Computer Enhanced ElectroEncephaloGram:
This test measures the electrical activity of the brain which is then interpreted by a computer to be shown as an image. A series of these tests of over time can show the shunted areas of my brain and their growth.
These pictures are from the internet, it's not my brain, and the readouts they use to show me where slightly different in format.
Magnetic Resonance Imaging:
While the CEEEG looks at electrical impulses, the MRI looks at the physical structure of my brain. While it was said to me specifically, I suspect this test is for early detection of any potential tumors or anomalies brought on by the experimental medicines. Also, I know that MS causes very distinct detectible physical changes in the brain, perhaps CDS does as well. Again, the picture below is not my brain, just an example of what an MRI readout looks like (according to the net, I've never gotten to see one of my MRIs displayed.
Note: Some time after I wrote the above I did get to see the 'films' of one of my MRIs. It did look a lot like the example below except there were 5 pages, showing 180 cross sections. What I remember most is that there were a lot of small, and a couple not so small, completely black areas. When I run across a memory I can no longer access, I picture - a refer - to it as being in one of the black holes.
Positron emission tomography:
Positron emission tomography (PET) is a nuclear medicine imaging technique which produces a three-dimensional image or picture of functional processes in the body. The system detects pairs of gamma rays emitted indirectly by a positron-emitting radionuclide (tracer), which is introduced into the body on a biologically active molecule.
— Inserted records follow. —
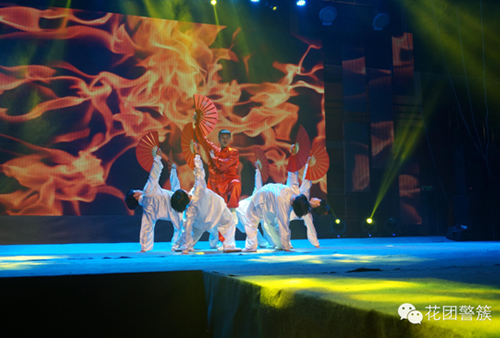 武术表演《警武英雄》刀枪剑戟,硬气十足,彰显男儿血性;太极红扇,以柔克刚,舞出女子英气。
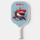 This cool pickleball paddle design features a watercolor shark head on a light steel blue background, with your name or monogram in bold red text for a look that is simple and stylish, yet trendy. It makes the perfect gift for Christmas, birthday, graduation, and more.
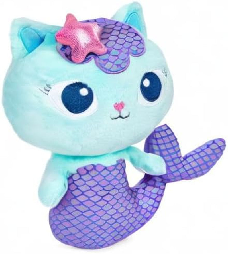 Bring home the irresistible kitty characters from Gabby’s Dollhouse with the Purr-ific Plush! This adorable MerCat plush toy features both metallic mermaid fabric and super soft fabric, and embroidered details, bringing Gabby’s cat-tastic friend to life. At 8-inches tall, MerCat is the perfect size for cuddles or playtime, at home or on-the-go! From Gabby’s best pal Pandy Paws’ signature pointy ears, Cakey Cat’s sweet sprinkle details, Baby Box Cat’s polka dot dress and more, each Purr-ific Plush stuffed animal (each sold separately) looks just like the character from the NETFLIX original series. Kids can collect all of the cuddly soft toys from the show and use their imagination to create their own adventures with their new plush pals. Snuggle up with the Gabby’s Dollhouse MerCat Purr-ific Plush!
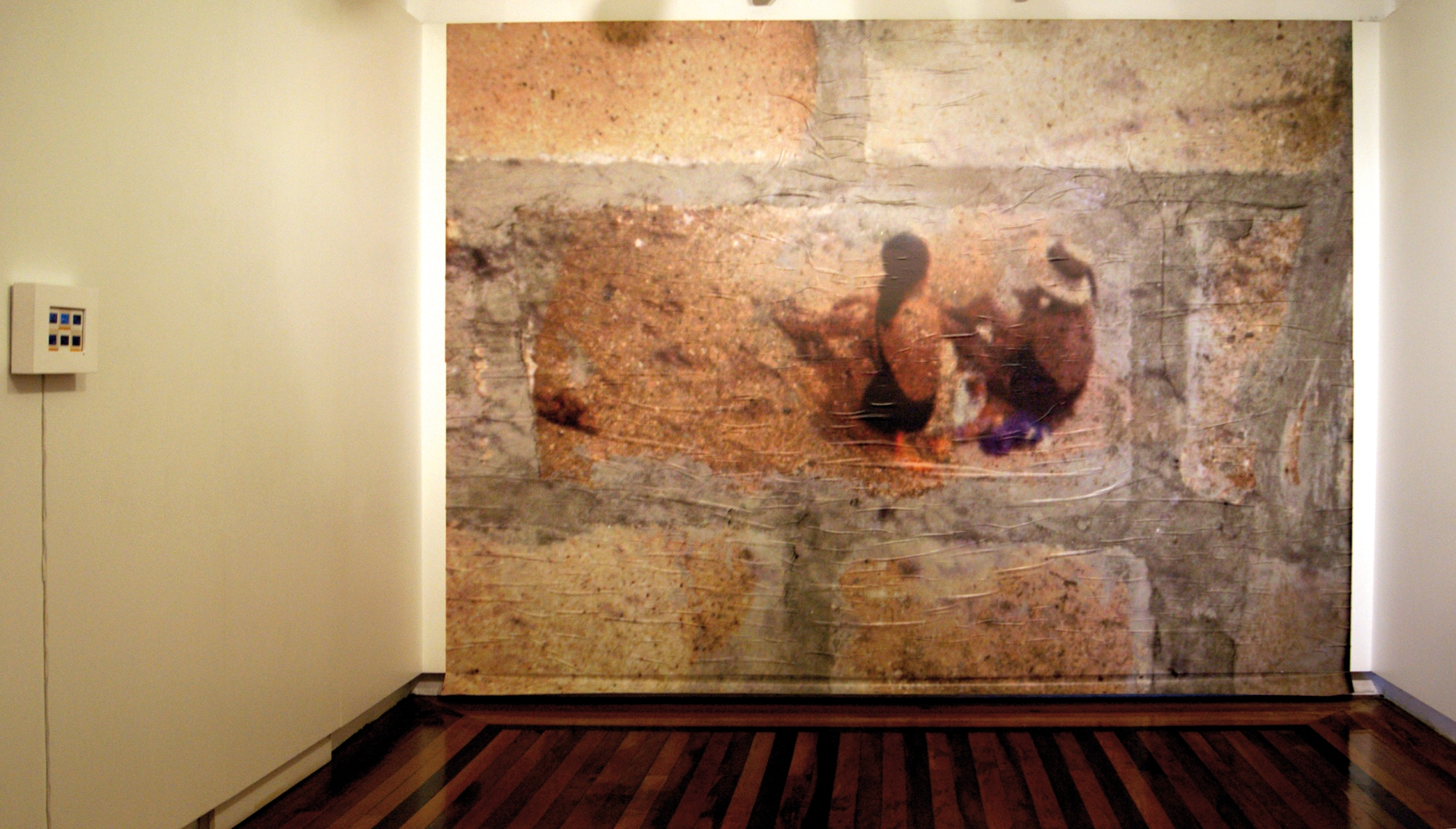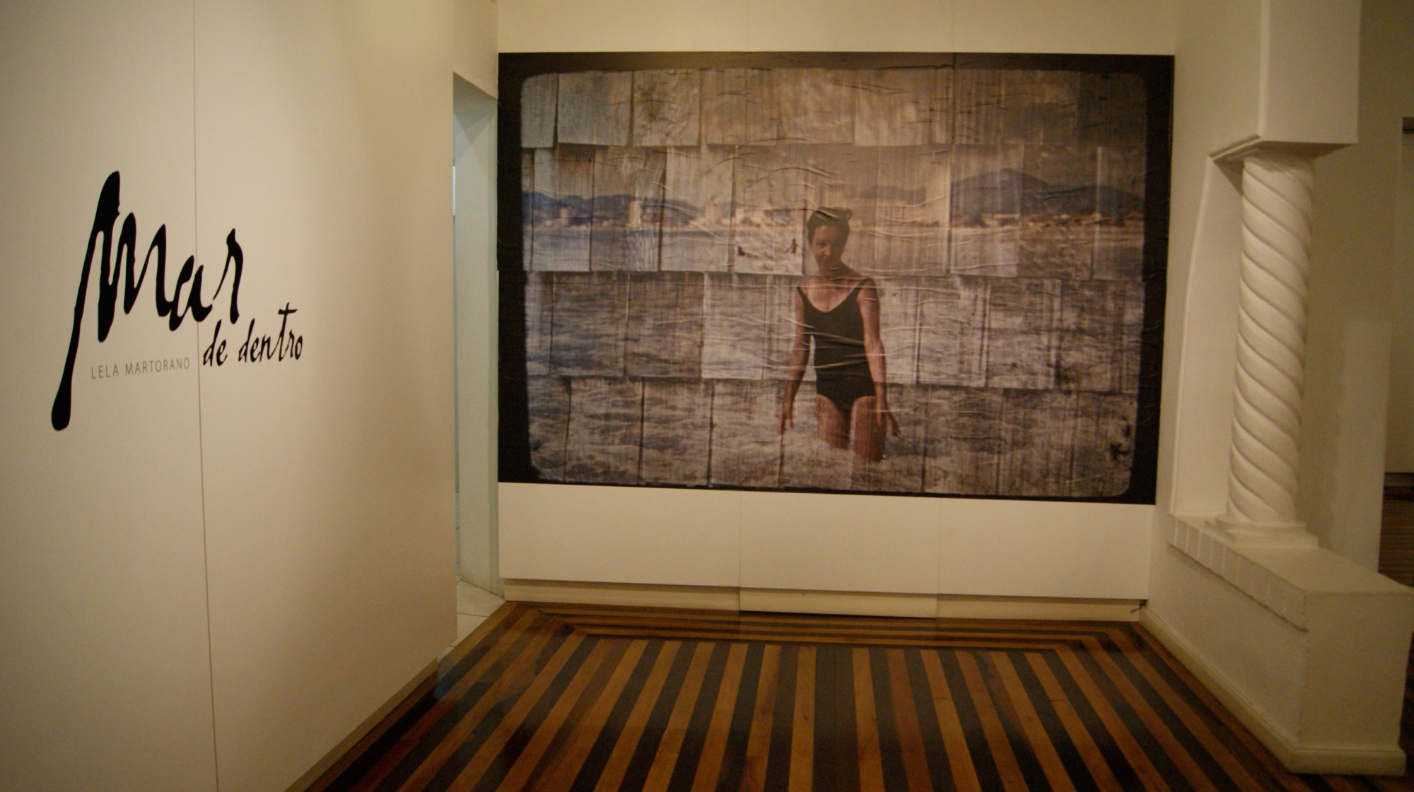 No processo, projeta os slides marcados pelo tempo sobre muros desgastados e antigos cartões postais estabelecendo uma nova imagem a partir dessa fusão. A exposição Mar de Dentro apresenta algumas obras criadas em uma residência feita no Museu de Arte Moderna da ilha de Chiloé (Chile, 2011). Lela Martorano resgata a memória da cidade e interfere com sua memória pessoal, procedimento que já havia utilizado na exposição Deslumbramientos na cidade de Granada (Espanha, 2009). “As fotos transformam o passado no objeto de um olhar afetuoso” 3, observa Susan Sontag. A intimidade de um momento em família é somado ao afeto com a cidade. Assim, a projeção do tempo incide sobre o espaço. Sontag ainda percebe que “por meio de fotos, cada família constrói uma crônica visual de si mesma – um conjunto portátil de imagens que dá testemunho da sua coesão”. As fotografias que escolhe no entanto, não são retratos senão cenas descontraídas que revelam a espontaneidade do momento. A presença do mar reforça a intensidade da imagem. Para Gaston Bachelard, a água é um elemento transitório, corre sempre, cai sempre; “anônima sabe todos os segredos. A mesma lembrança sai de todas as fontes.” Há profundidade em cada gota, basta lembrar a densidade do aplastamiento de las gotas, de Julio Cortazar. Em Castro Chiloé) existe o mar interior que deu o título da exposição. Parece então que esse interior das águas traz a sensação de um tempo vivido. Na dimensão nostálgica de uma gota, as imagens carregam lembranças passageiras.
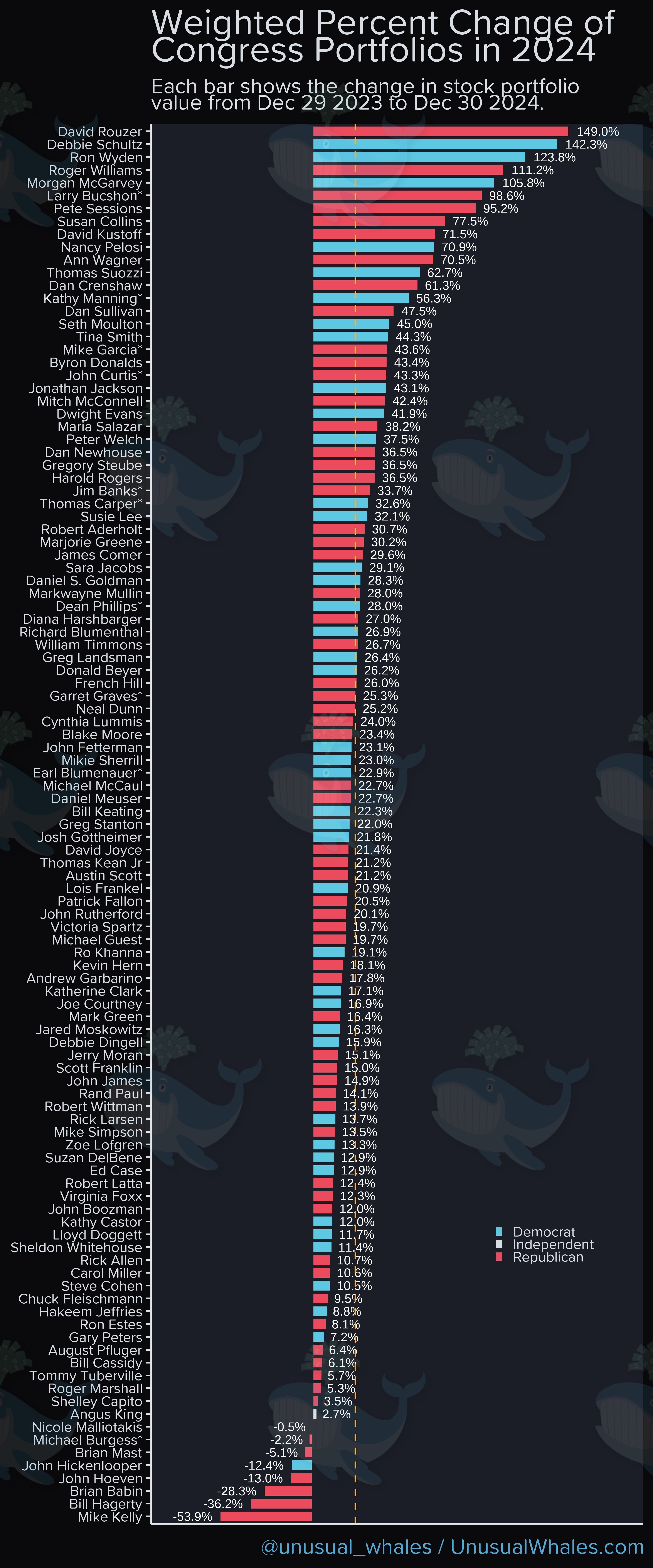 For years, Nancy Pelosi’s trades shaped an entire corner of the retail investing world. Her portfolio’s uncanny timing and consistent outperformance made her one of the most-watched figures on Capitol Hill. But now, with Pelosi stepping away from Congress, the market’s favorite political benchmark is gone, leaving millions of investors wondering: who do we follow next? The answer is already clear. According to the latest data, three congress members have actually outperformed even Pelosi, despite their names going under the radar. As Washington channels trillions into infrastructure, AI, and industrial reshoring, the most connected lawmakers continue to outperform Wall Street hedge funds, despite not having any significant background in finance or economics. With Pelosi retiring, we will be focusing our attention on these three names: David Rouzer, Debbie Schultz, and Ron Wyden.

Images of tracer concentration in 3-dimensional space within the body are then reconstructed by computer analysis. In modern scanners, this reconstruction is often accomplished with the aid of a CT X-ray scan performed on the patient during the same session, in the same machine.
If the biologically active molecule chosen for PET is FDG, an analogue of glucose, the concentrations of tracer imaged then give tissue metabolic activity, in terms of regional glucose uptake. Although use of this tracer results in the most common type of PET scan, other tracer molecules are used in PET to image the tissue concentration of many other types of molecules of interest.
Neurology: PET neuroimaging is based on an assumption that areas of high radioactivity are associated with brain activity. What is actually measured indirectly is the flow of blood to different parts of the brain, which is generally believed to be correlated, and has been measured using the tracer oxygen-15. However, because of its 2-minute half-life O-15 must be piped directly from a medical cyclotron for such uses, and this is difficult. In practice, since the brain is normally a rapid user of glucose, and since brain pathologies such as Alzheimer's disease greatly decrease brain metabolism of both glucose and oxygen in tandem, standard FDG-PET of the brain, which measures regional glucose use, may also be successfully used to differentiate Alzheimer's disease from other dementing processes, and also to make early diagnosis of Alzheimer's disease. The advantage of FDG-PET for these uses is its much wider availability. PET imaging with FDG can also be used for localization of seizure focus: A seizure focus will appear as hypometabolic during an interictal scan. Several radiotracers (i.e. radioligands) have been developed for PET that are ligands for specific neuroreceptor subtypes such as [11C] raclopride and [18F] fallypride for dopamine D2/D3 receptors, [11C]McN 5652 and [11C]DASB for serotonin transporters, or enzyme substrates (e.g. 6-FDOPA for the AADC enzyme). These agents permit the visualization of neuroreceptor pools in the context of a plurality of neuropsychiatric and neurologic illnesses.